The longer the roasting time, the greater was the intensification of the colour. The density of the control oils was 0.91 g/cm3. Roasting increased the densities of the oils in a time and temperature-dependent manner Table 1. The density of oil was increased at 2.04 g/cm3 for 180 °C at 30 min. This increase of oil density may reflect the occurrence of polymerization, which makes the oil denser. The oil density was significantly (p<0.05) dependent on heat treatments, but there were insignificant differences observed between 20 min and 30 min at 80 ºC, 10 min and 20 min, 20 min and 30 min at 180 ºC. The treatments influence the oil refractive index significantly (p > 0.05). From Table 1, a decrease in the refractive index of the oil was observed with increase in both roasting temperature and duration.
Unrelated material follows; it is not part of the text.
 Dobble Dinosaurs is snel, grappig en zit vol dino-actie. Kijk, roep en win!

TABLE 1: PHYSICAL PROPERTIES OF AROMATIC OILS FROM CINNAMON BARK BEFORE AND AFTER ROASTING

Roasting Conditions Oil Yield (g/100g) Colour Density (g/cm3, 25 °C) Refractive Index
Control 6.89±0.01a Golden yellow 0.91±0.005a 1.51±0.01a
80°c
10 min 7.02 ± 0.02b Dark Yellow 1.02±0.01b 1.41±0.005b
20 min 9.58 ± 0.15ch Dark Yellow 1.10±0.01cd 1.33±0.02c
30 min 7.79 ± 0.05d Dark Yellow 1.14±0.02d 1.25±0.01d
100°c
10 min 10.78±0.03e Dark yellow 1.25±0.03e 1.18±0.02e
20 min 10.34±0.04f Brown 1.59±0.14f 1.11±0.01f
30 min 10.01±0.01gj Brown 1.78±0.04g 1.04±0.01gh
180°c
10 min 9.59±0.02h Brown 1.89±0.01hi 1.03±0.02h
20 min 8.00±0.005i Brown 1.96±0.03ij 0.94±0.05i
30 min 10.03±0.01j Brown 2.04±0.01j 0.81±0.005j

Values are in terms of mean ± SD after triplicate analysis. Different letter (a,b,c,d,e,f,g,h,i,j) in a coloum represents significant differences (P<0.05)
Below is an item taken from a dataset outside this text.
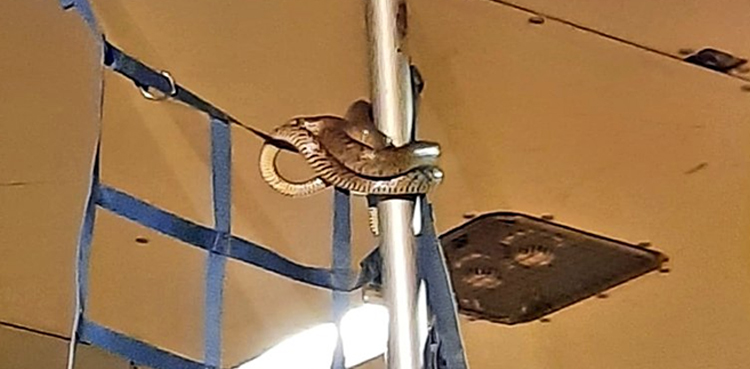 The aircraft had been parked at a secluded bay area when the baggage handler spotted the snake which ensued panic there and led the ground staff to immediately clear the area besides informing the airport authorities, according to Indian media reports.

TABLE 2: COLOUR PROPERTIES OF AROMATIC OILS FROM CINNAMON BARK BEFORE AND AFTER ROASTING

Roasting Conditions L a* b* C H
Control 80°c 28.94±0.04a 0.57±0.05a 5.92±0.02a 6.63±0.02a 115.50±0.05a
10 min 26.24±0.02b 0.75±0.04b 5.05±0.02b 6.89±0.08b 121.64±0.04b
20 min 25.09±0.05c 0.73±0.20c 4.84±0.02ce 7.06±0.04cd 128.85±0.04c
30 min 100°c 23.26±0.04d 1.03±0.01de 4.62±0.01d 7.12±0.02d 131.35±0.02d
10 min 21.12±0.02e 1.14±0.02ef 4.75±0.04e 7.29±0.02e 141.64±0.04e
20 min 20.30±0.04f 1.27±0.05fg 4.40±0.12f 7.65±0.04f 152.24±0.04f
30 min 180°c 18.86±0.04g 1.37±0.03g 4.18±0.03g 7.96±0.02g 166.65±0.02g
10 min 17.77±0.02h 1.54±0.04hi 4.04±0.01h 8.11±0.05h 171.69±0.01h
20 min 15.53±0.03i 1.63±0.02i 3.85±0.02i 8.23±0.02i 184.47±0.01i
30 min 13.39±0.06j 1.78±0.005j 3.46±0.02j 8.32±0.02j 192.31±0.08j

Values are in terms of mean ± SD after triplicate analysis. Different letter (a,b,c,d,e,f,g,h,i,j) in a coloum represents significant differences (P<0.05)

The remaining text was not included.